* [WHAT NEEDS TO BE DONE]:
Repeat verbatim each line from the line with "Leírás: Ismeretlen szobrász: Férfi" to the end of the entries. Pictures do not belong in the copy.
INFORMATION SUPPLIED below:
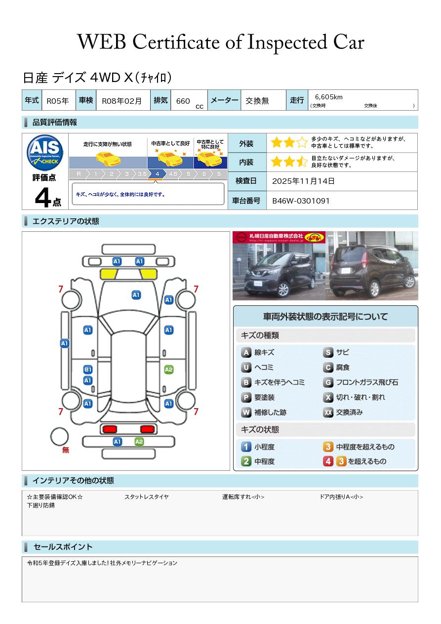 デイズ 660cc 660 ハイウェイスターX 4WD 当社試乗車アップ 衝突被害軽減ブレーキ
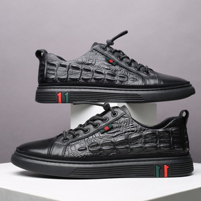 头层牛皮新款男式一脚蹬平底板鞋快手直播货源真皮鳄鱼...
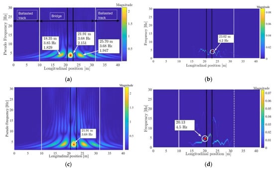 Damage detection results in either the absence (a,b) or in the presence (c,d) of track irregularities with the train traveling at 100 km/h. The module of the difference in wavelet coefficients (a) and Hilbert spectrum (b) for a considered total damage on the fastening between the diagonal member and the lateral chord. The module of the difference in wavelet coefficients (c) and Hilbert spectrum (d) for a considered total damage on the fastening between the side wall diagonal member and the lateral chord [22].
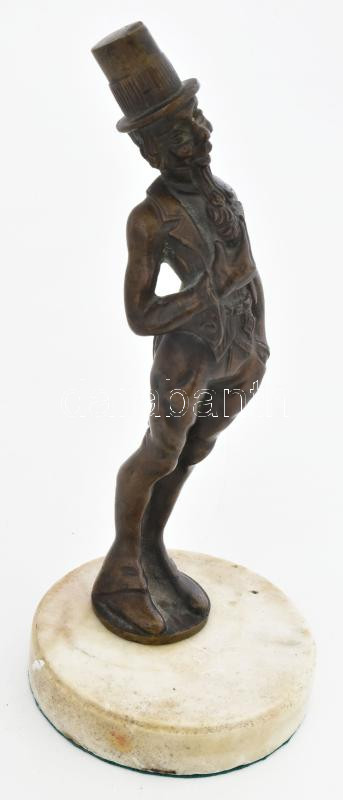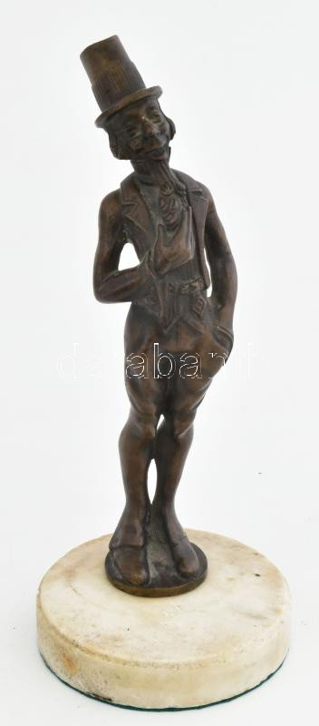 Leírás: Ismeretlen szobrász: Férfi kalapban. Bronz, márvány talapzaton, jelzés nélkül, m: 23 cm
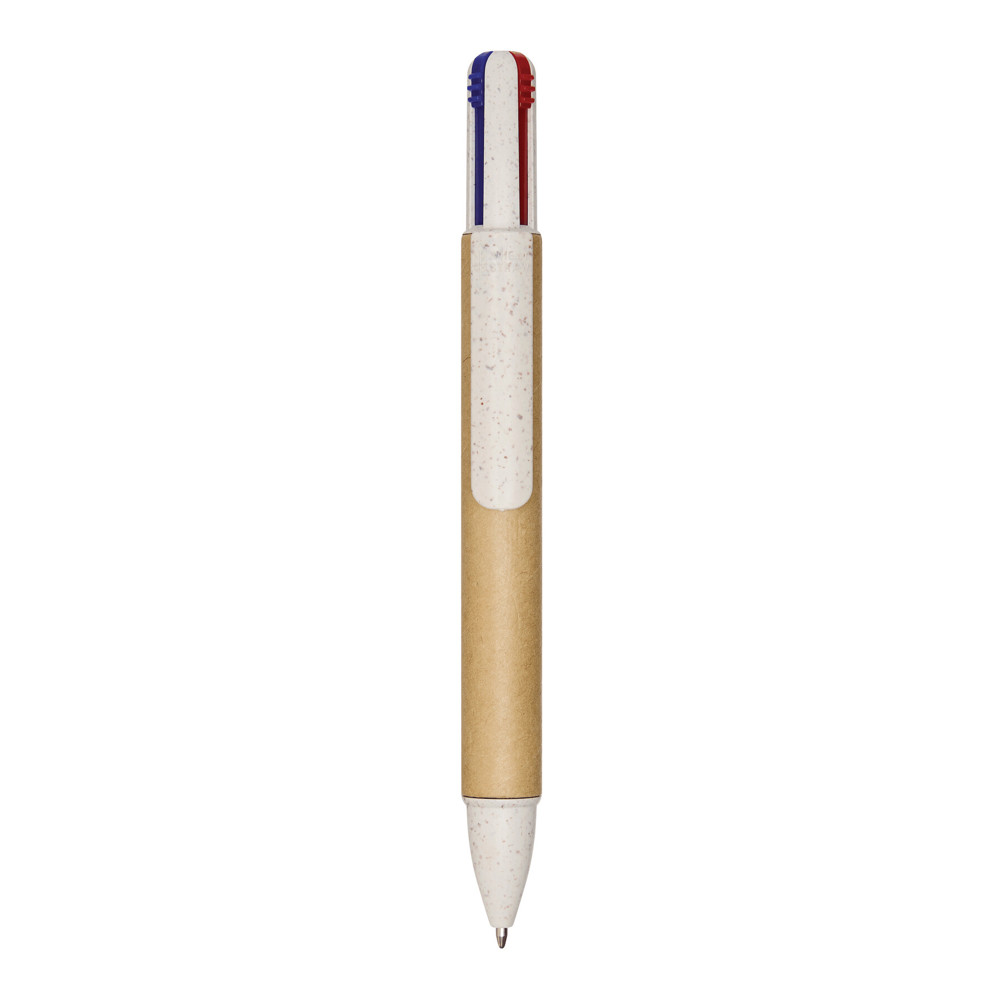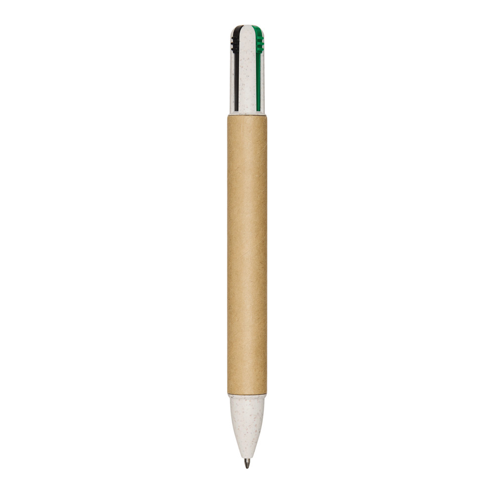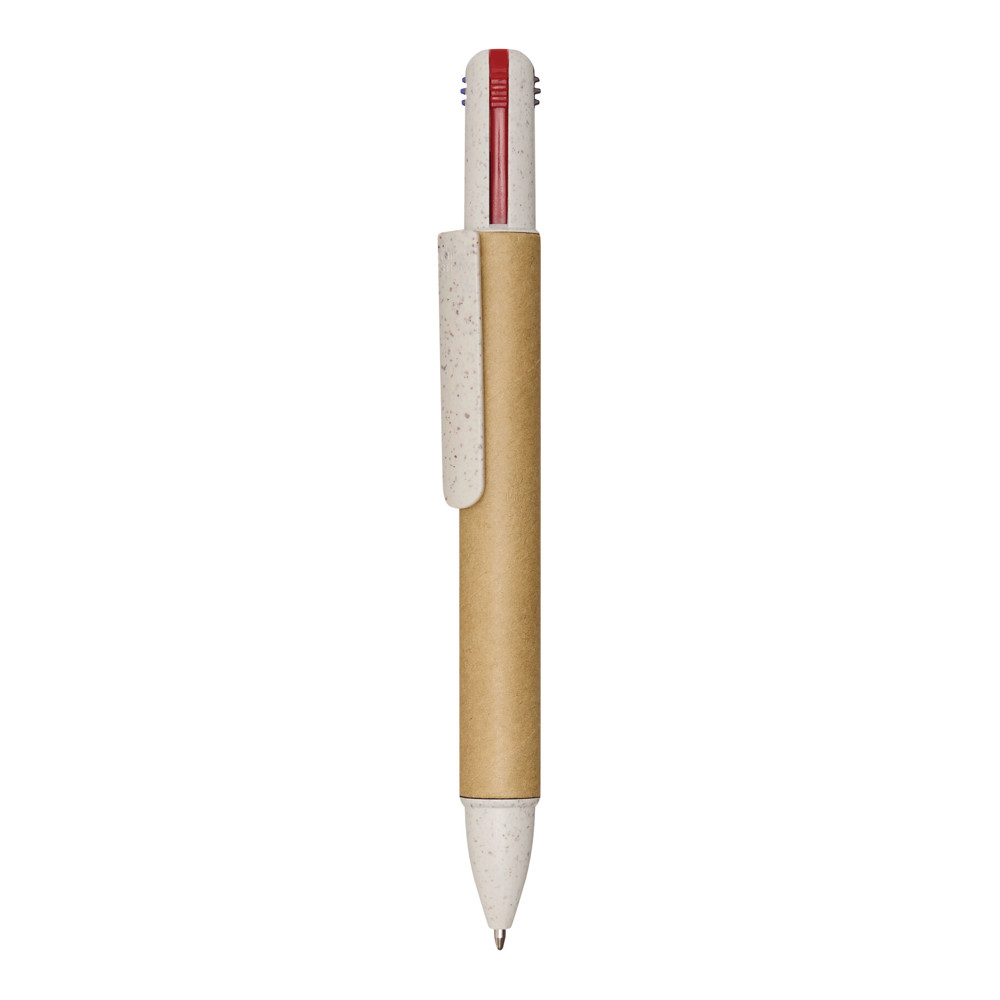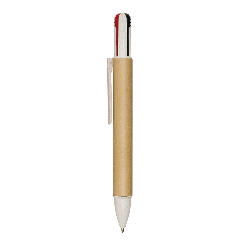 Kugelschreiber MUCO, vierfarbig: aus Weizenstroh/ABS, Schaft ummantelt mit recyceltem Karton, Druckmechanismus, Kugelschreiberminen in schwarz-, rot-, blau- und grünschreibend
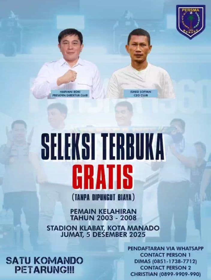 Klub sepak bola Persma 1960 membuka seleksi terbuka yang rencananya digelar pada Jumat, 5 Desember 2025 mendatang di Stadion Klabat, Manado.
End of INFORMATION SUPPLIED.
* [REPLY]:
 Leírás: Ismeretlen szobrász: Férfi kalapban. Bronz, márvány talapzaton, jelzés nélkül, m: 23 cm
 Kugelschreiber MUCO, vierfarbig: aus Weizenstroh/ABS, Schaft ummantelt mit recyceltem Karton, Druckmechanismus, Kugelschreiberminen in schwarz-, rot-, blau- und grünschreibend
 Klub sepak bola Persma 1960 membuka seleksi terbuka yang rencananya digelar pada Jumat, 5 Desember 2025 mendatang di Stadion Klabat, Manado.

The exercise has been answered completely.